Yes, this is clearly a memory leak but whether it is in mod_authn_ldap or openldap is still to be determined.

In stress testing lighttpd 1.4.47 on ARM Linux 3.1.8 with many concurrent GETs requiring ldap auth, I observed the memory footprint increase very quickly.

I tested the following to isolate to ldap:

1. Stress test on URL requiring no auth: small increase memory footprint
2. Stress test on URL requiring basic auth using plain user file: small increase in memory footprint
3. Stress test on URL requiring basic auth using ldap: very fast increase in memory footprint and eventual invocation of the Linux OOM.

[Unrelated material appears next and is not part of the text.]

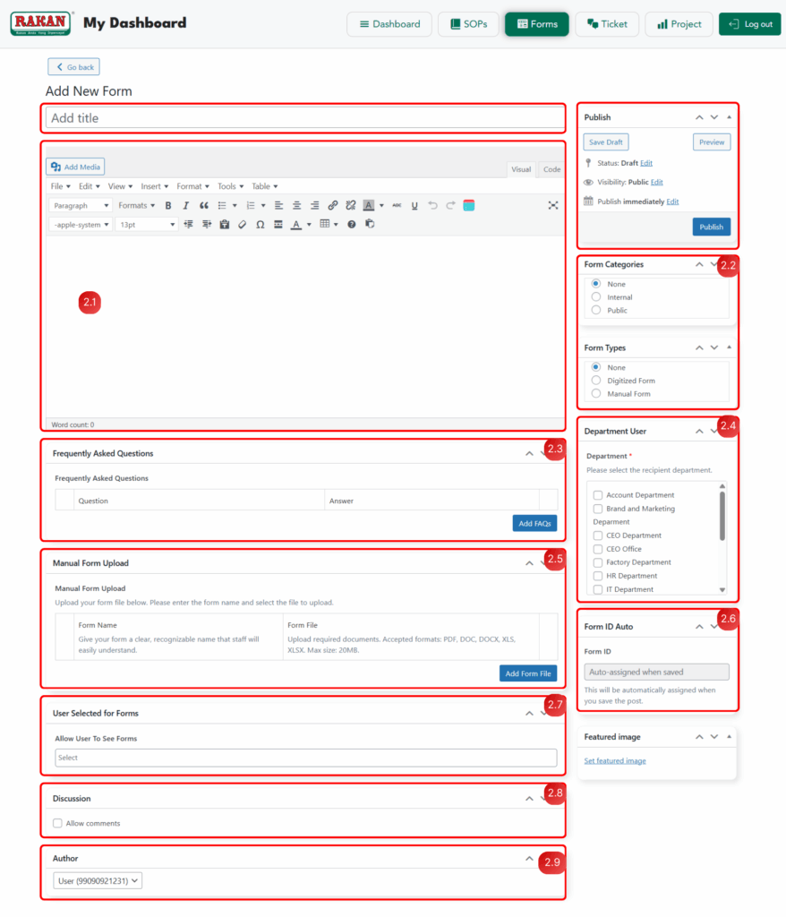 This guide provides IT Managers with step-by-step instructions on how to create and manage forms efficiently within the RAKAN Team Portal. By following this guide, IT Managers can ensure a structured approach to form creation, configuration, and deployment across departments with proper access controls and functionality.

Thus I can limit the scope of the "leak" to mod_authn_ldap.c

I will keep investing further on the ultimate cause.
As this is an embedded system, valgrind is not an option.


Files

Actions #1

Updated by codehero about 7 years ago

Further information:

For tests 1-3, LDAP server was running on local system

4. Stress test on another ARM system, LDAP server remote: no leak
5. Stress test on an x86_64 system, LDAP server remote: no leak
6. Stress test on another ARM system, LDAP server local: leak

I will try to get a test going on x86_64 system with a local ldap server to see if the leak manifests itself there.

Actions #2

Updated by codehero about 7 years ago

The following line is the culprit when LDAP server is on the same host as lighttpd:

auth.backend.ldap.hostname = "127.0.0.1"

changing this to

auth.backend.ldap.hostname = "192.168.1.1" (or the IP of the eth0 interface)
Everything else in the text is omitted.